There is one region of overlap we see in the heatmap between hypertension and coronary atherosclerosis. This overlap is small but it indicates that there may be a shared disease mechanism. However, the region is so small that GSEA is unable to detect enriched pathways in the gene subset we extracted from that region using hierarchical clustering.

Principal Component Analysis of our colocalization yielded the right-skewed distribution expected in PCA. The first component accounted for around 60% of the variation, or in other words isolated one-third of our 6 diseases from the others, Alzheimer's and osteoarthrosis. This indicates that the majority of the variance can be explained by simple patterns, but a large amount is unaccounted for. Clusters generated using the PCA results seemed to isolate regions of significance unique to Alzheimer's and osteoarthrosis, but their corresponding gene subsets did not yield significantly enriched pathways when examined using GSEA.


Our results reaffirm that colocalization paired with GSEA is a beneficial strategy for understanding the genetic mechanisms of disease. Identifying lysosome activity as a significant factor against all diseases validates our pipeline since its results align with genetic and empirical facts.

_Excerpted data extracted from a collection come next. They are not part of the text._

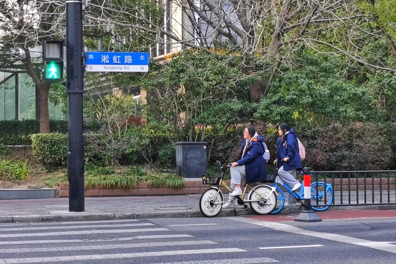在淞虹路附近,记者看到已有市民骑着哈啰与LOEWE罗意威联名的金色单车出行,其金色的车身和白底金字的简约车轮广告尤为亮眼。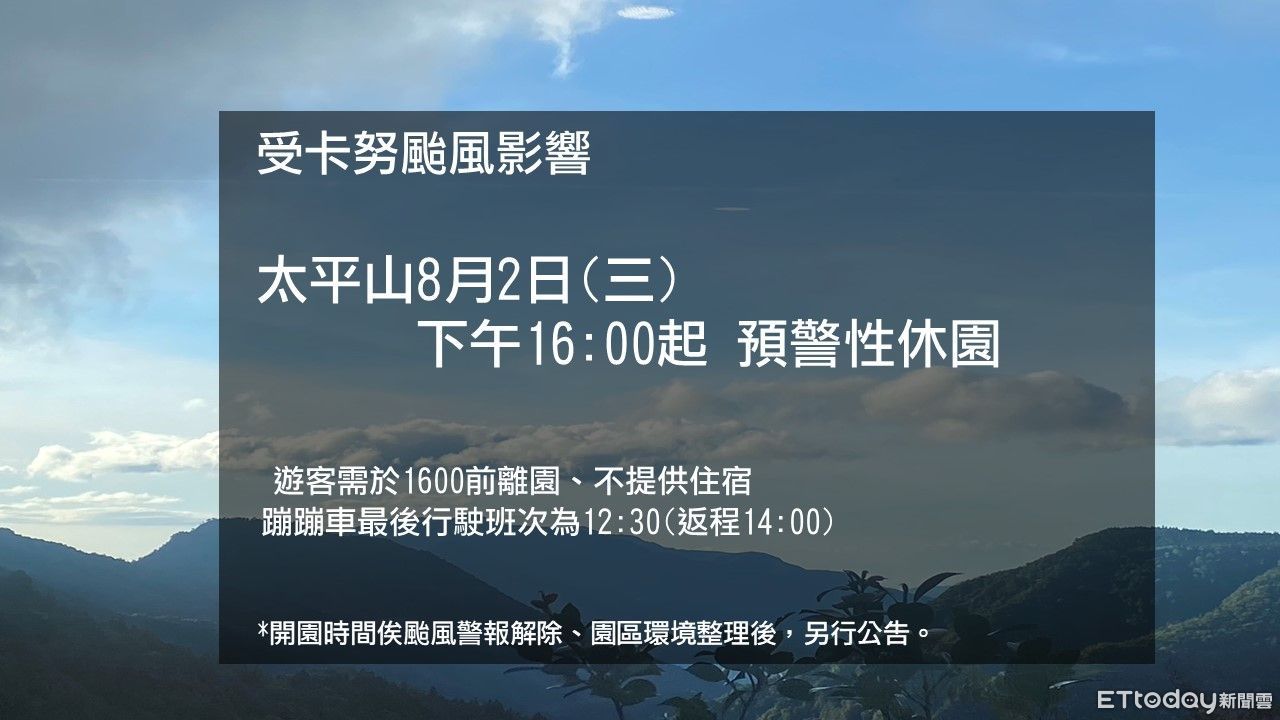 中颱「卡努」持續接近台灣,中央氣象局預計今天17:30發布陸上颱風警報,北台灣風雨越晚越明顯,明日雨勢更加劇。農業部林業署所轄太平山森林遊樂區從今天下午4時起預警性休園,新竹和台中分署轄管多處森林遊樂區與自然步道,明天也暫停開放。林業署呼籲民眾颱風影響期間,避免從事山域活動。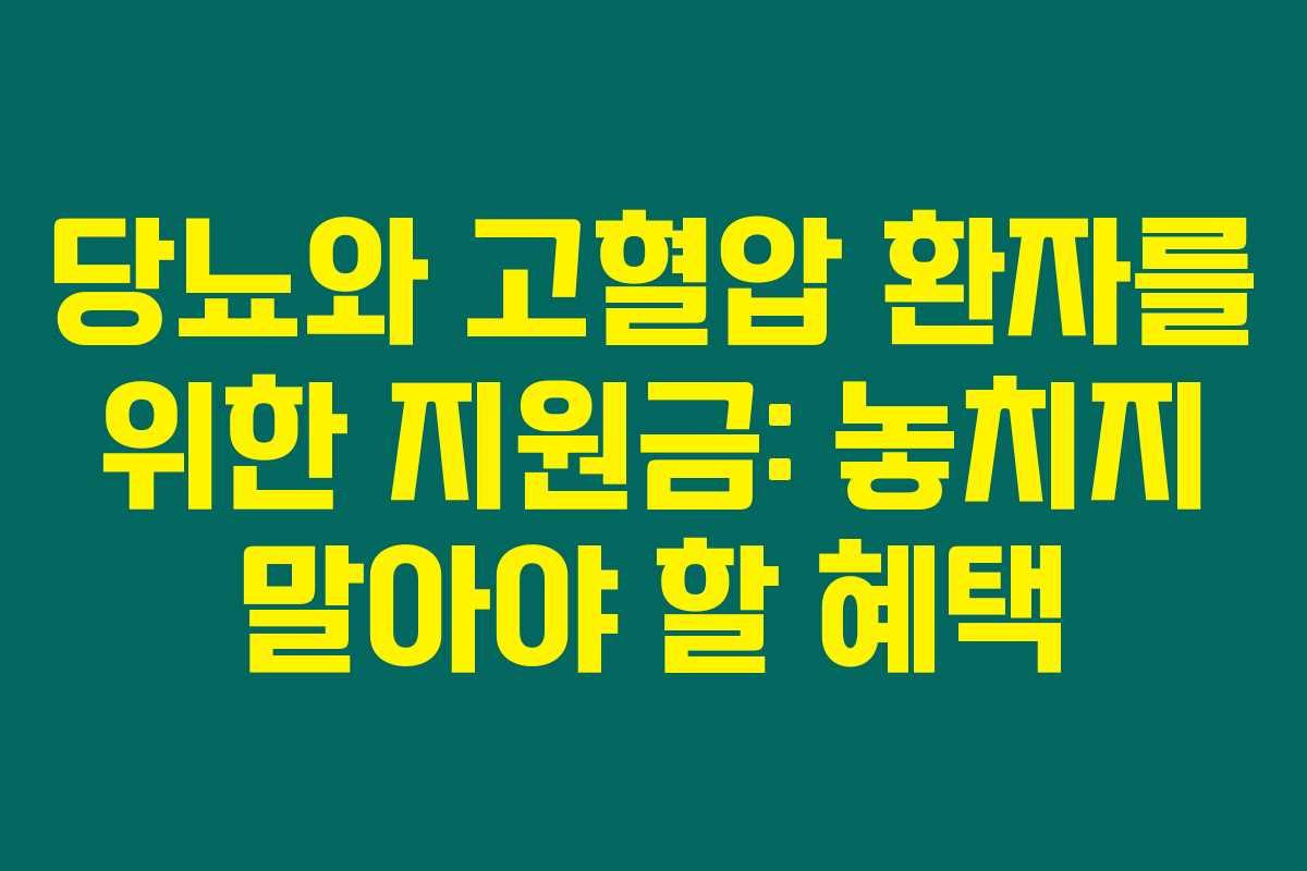 여러분, 당뇨와 고혈압 환자 여러분들께서는 이러한 지원금 제도를 놓치지 말고 꼭 신청하시길 바랍니다. 건강생활실천지원금제는 여러분의 건강을 지키고 유지하는 데 큰 도움이 될 것입니다. 최대 6만원까지 지원받을 수 있는 기회를 통해 건강 관리에 더욱 힘써 보세요!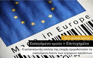 #3 Δεν έχουν περάσει πολλά χρόνια από την εποχή που σχεδόν από μόνο του το γεγονός ότι ένα προϊόν προερχόταν από μια χώρα του εξωτερικού (κατά κύριο λόγο Δ. Ευρώπη τότε) αποτελούσε εχέγγυο επιτυχίας του στην ελληνική αγορά. Ο Έλληνας καταναλωτής πριμοδοτούσε τα εισαγόμενα προϊόντα και δημιούργησε ένα νέο καταναλωτικό πρότυπο.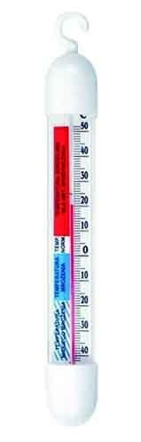 Zarówno w przemyśle, jak i warunkach domowych może przydać Ci się termometr lodówkowy. Jest on przeznaczony do pomiaru temperatury w rozmaitych urządzeniach chłodniczych – dzięki jego obecności łatwo i szybko stwierdzisz, czy w zamrażarce lub chłodziarce panują odpowiednie warunki do przetrzymywania żywności. Termometr ten został wykonany ze szklanej rurki i obudowy z tworzywa sztucznego, dlatego jest solidnym przyrządem, który wykazuje odporność na uszkodzenia mechaniczne czy oddziaływanie wilgoci. Posiada specjalny uchwyt, który ułatwi Ci jego umieszczenie w lodówce lub pomieszczeniu chłodniczym. Termometr lodówkowy posiada duży zakres temperatur, a jego skala jest opatrzona w dodatkowe informacje, które pomogą Ci ocenić stan funkcjonowania urządzeń.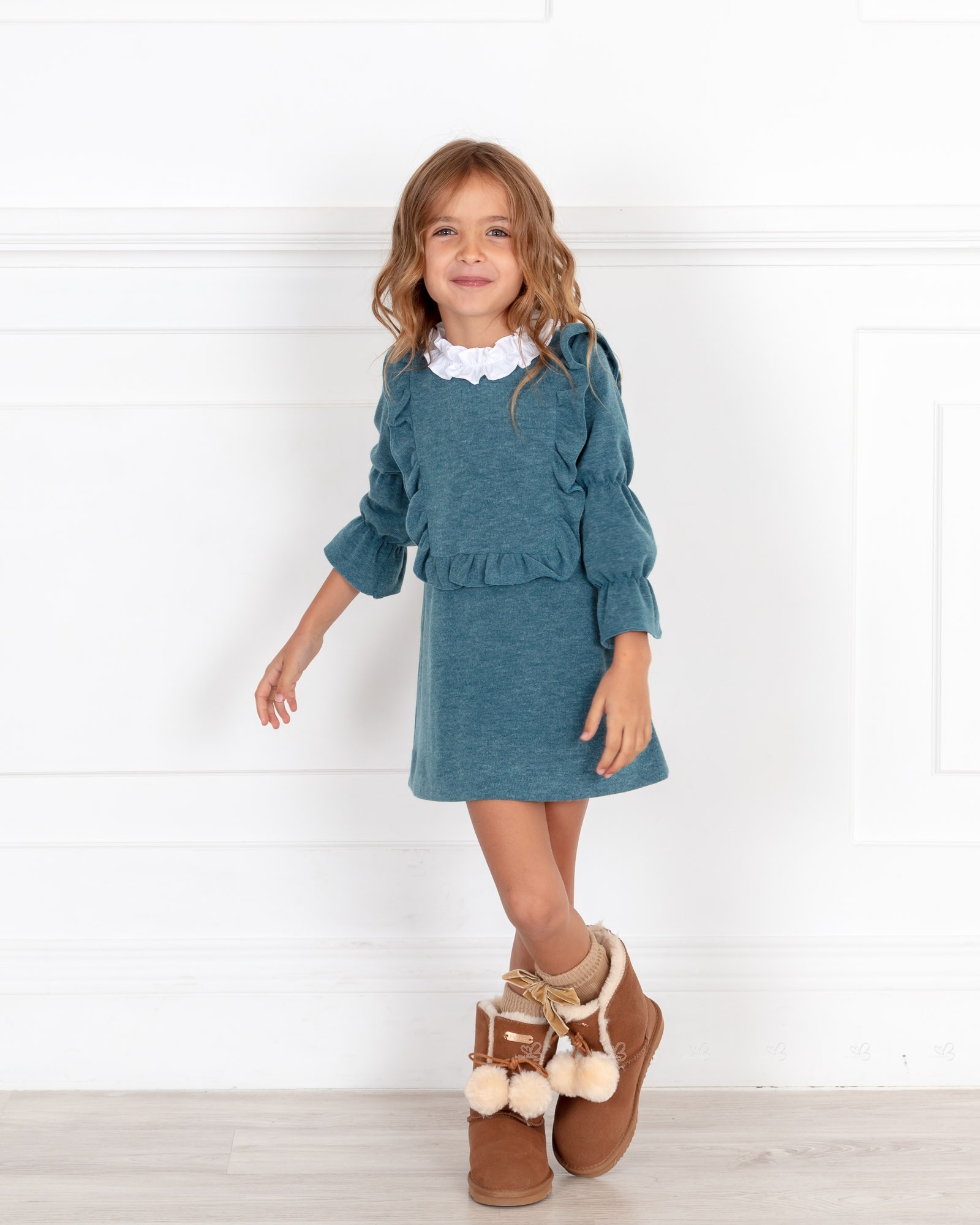 Ancar Autumn-Winter 2018/19 Collection. Girls green jersey shift dress with ruffle collar.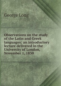 | Полное название книги | George Long Observations on the study of the Latin and Greek languages; an introductory lecture delivered in the University of London, November 1, 1830 |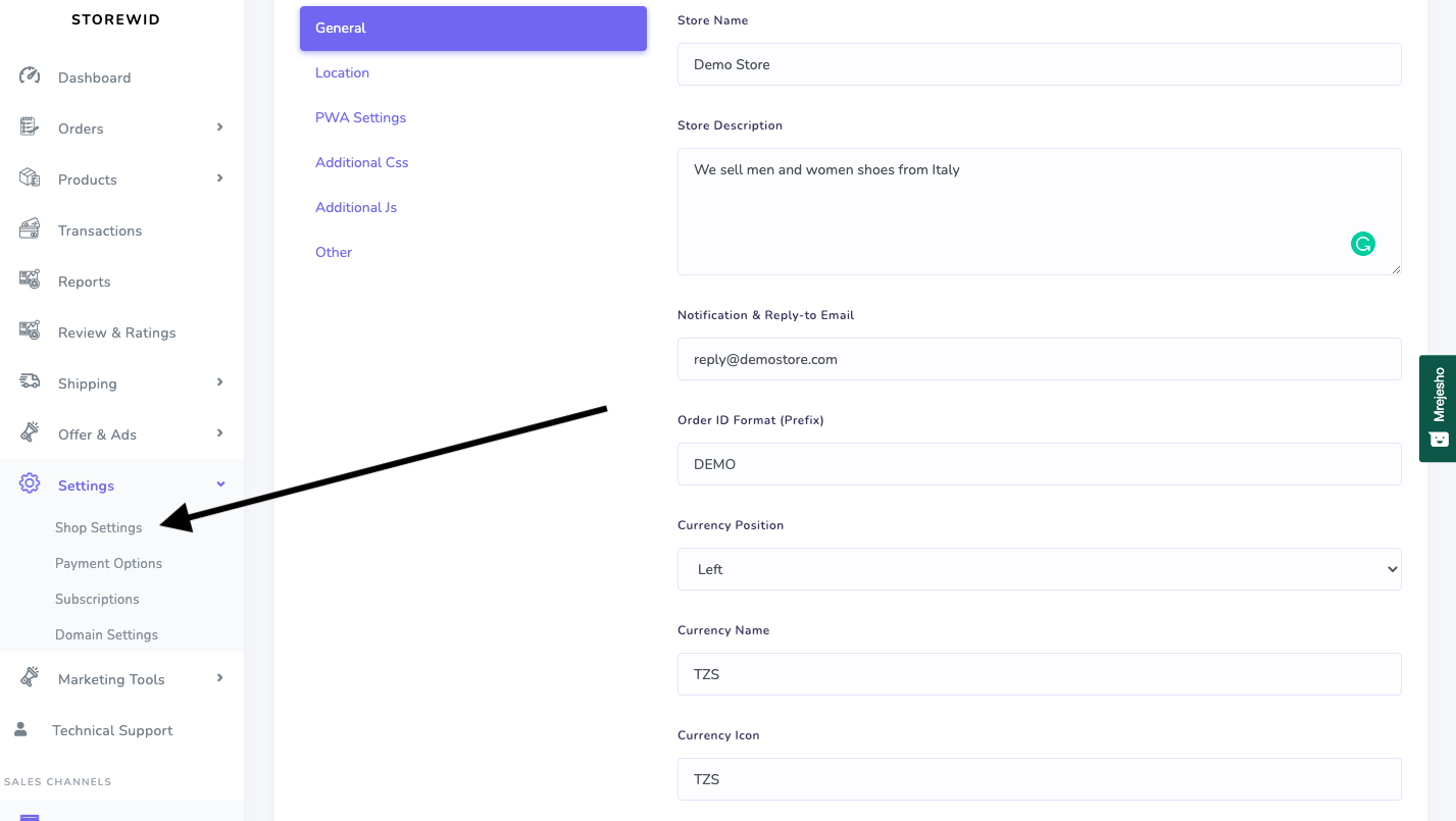 For the sake of clarity and easy understanding, I will be using a demo store (demo.storewid.com)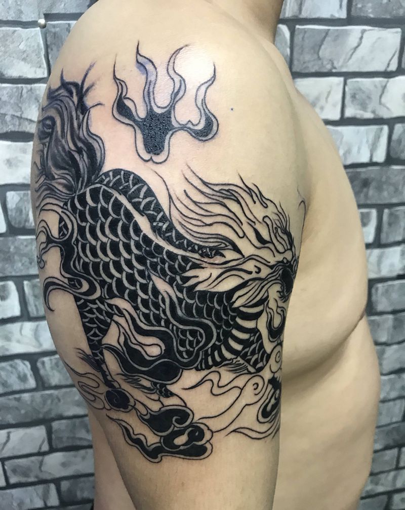 • T云龙九郎纹身图片_背部老传统云龙九郎纹身图案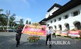 Ratusan karangan bunga bertulisakan ucapan terima kasih kepada Gubernur Jawa Barat diakhir masa jabatannya memenuhi halaman Gedung Sate, Kota Bandung, Selasa (12/6). (FOTO : Republika/Edi Yusuf)

Moreover, identifying glycolysis as a mechanism in age-related disease in this manner is significant because the understanding of change in glycolysis activity was discovered through empirical observation. Seeing the same signal from a genetic standpoint in a case where the genetic basis was not the primary method of discovery indicates that other similar discoveries may be made in the future. Likely, purely genetic evidence discovered in this way can later be validated through empirical observation and form an invaluable foundation for disease prevention and treatment.